L'accès au droit, un enjeu crucial pour l'indépendance créative
Dans un contexte où les honoraires d'avocat dépassent souvent les 500 euros de l'heure, le conseil juridique apparaît comme un luxe inaccessible pour de nombreux créateurs. Naviguer dans le dédale des contrats, du commerce en gros, du retail, de l'e-commerce, des showrooms et des collaborations, est devenu un véritable défi. La Fondation Hugh Devlin se veut donc un rempart contre les décisions hâtives et les recours à des solutions juridiques de fortune, comme les conseils générés par l'IA, que Graham Webster, l’un des membres fondateurs, juge “risqués” en raison de l’absence de connaissance précise du secteur.
“L'accès est un problème réel. Cela pousse les gens à opter pour des solutions moins chères”, explique Webster, ancien disciple de Devlin chez Withers. “Les jeunes designers ont surtout besoin de conseils en matière de propriété intellectuelle et de protection de la marque, suivis de conseils sur les contrats commerciaux et le droit du travail.”
Protéger la création, un enjeu de long terme
Suzi Sendama, de Level Law, souligne le danger de se lancer sans conseil ou de se fier à l'IA. “Des noms relativement connus dans la Mode prennent parfois des risques considérables en signant des contrats sans avis juridique, craignant les coûts élevés. La fondation a été créée justement pour combler ce fossé.” Elle insiste sur l'importance d'une relation de confiance avec un conseiller juridique, capable d'anticiper les problèmes et de guider le créateur dans ses choix.
“Trop souvent, les entreprises créatives ne font appel à un avocat qu'une fois les choses en difficulté. Les meilleures relations se construisent sur la confiance et une connaissance approfondie de l'activité,” ajoute-t-elle. Devlin incarnait cette approche, alliant expertise juridique et vision stratégique à long terme.

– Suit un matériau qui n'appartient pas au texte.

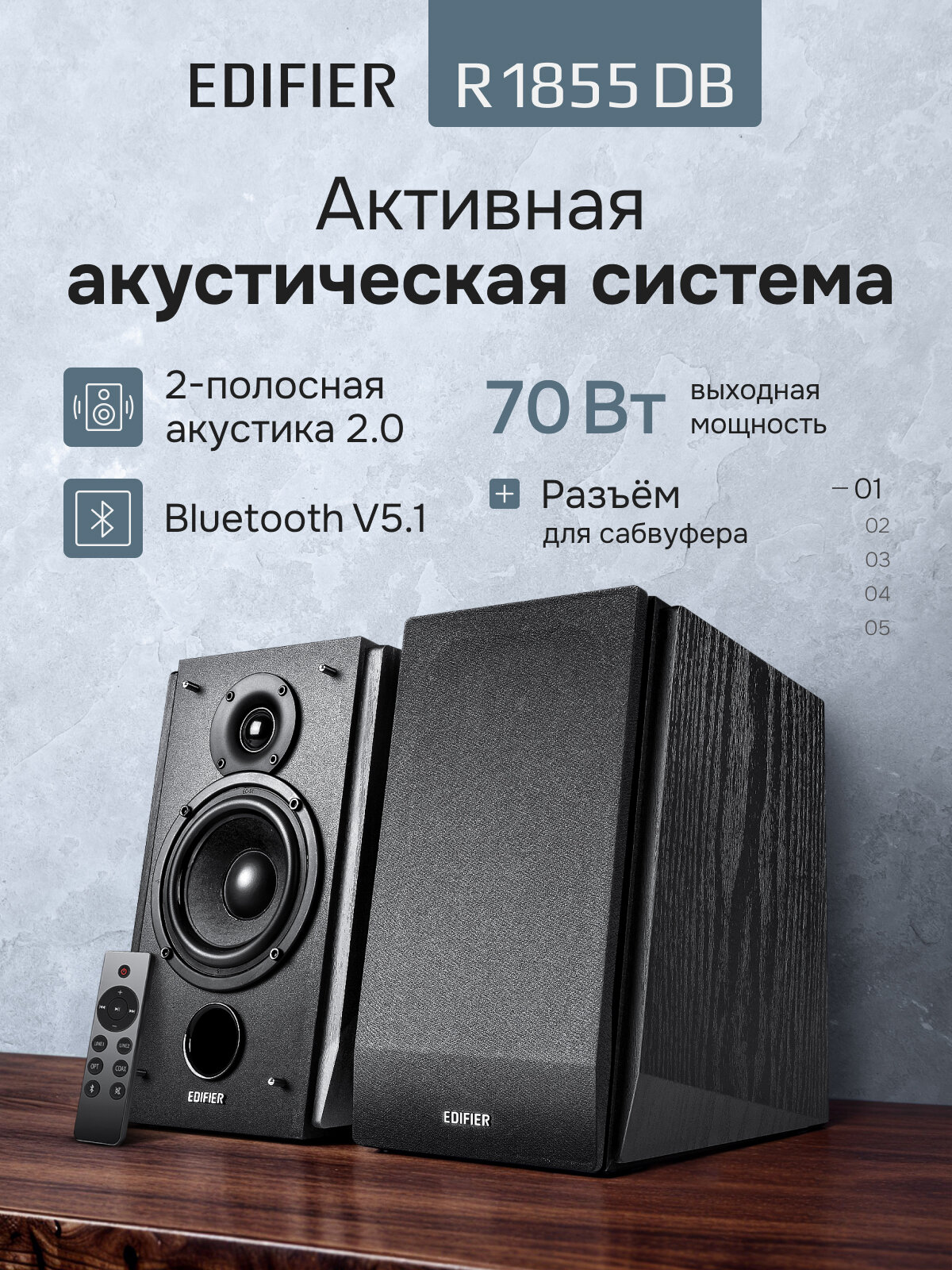 Купить Акустическая система 2.0 EDIFIER R1855DB, беспроводная, 2 полосы, 70 Вт, чёрная с доставкой по всей России. Акустическая система 2.0 EDIFIER R1855DB, беспроводная, 2 полосы, 70 Вт, чёрная: сравнение цен, характеристики, фото, актуальное наличие и цены.

Tahir Basheer, de Sheridans, qui a côtoyé Devlin, salue son expertise inégalée en droit de la Mode. “Il était le meilleur allié qu’un créateur puisse avoir, capable de gérer les urgences tout en offrant une perspective globale sur le marché.” La fondation s'engage à offrir un accompagnement personnalisé, au-delà des simples conseils juridiques, en tenant compte des spécificités de chaque secteur d'activité. “Comprendre les nuances et les mécanismes de l'industrie, la nature du travail et les personnes impliquées est essentiel pour fournir un soutien véritable et aider à surmonter les difficultés”, explique Basheer.
La Fondation Hugh Devlin ouvrira ses portes aux candidatures en ligne, à destination des créateurs basés au Royaume-Uni, à la fin juin. Les projets seront triés et mis en relation avec des bénévoles experts. Un nouveau chapitre s'ouvre pour l'industrie de la Mode, porté par l'héritage d'un homme qui a su allier passion pour la création et rigueur juridique, laissant derrière lui une fondation vouée à la protection et au développement des talents de demain.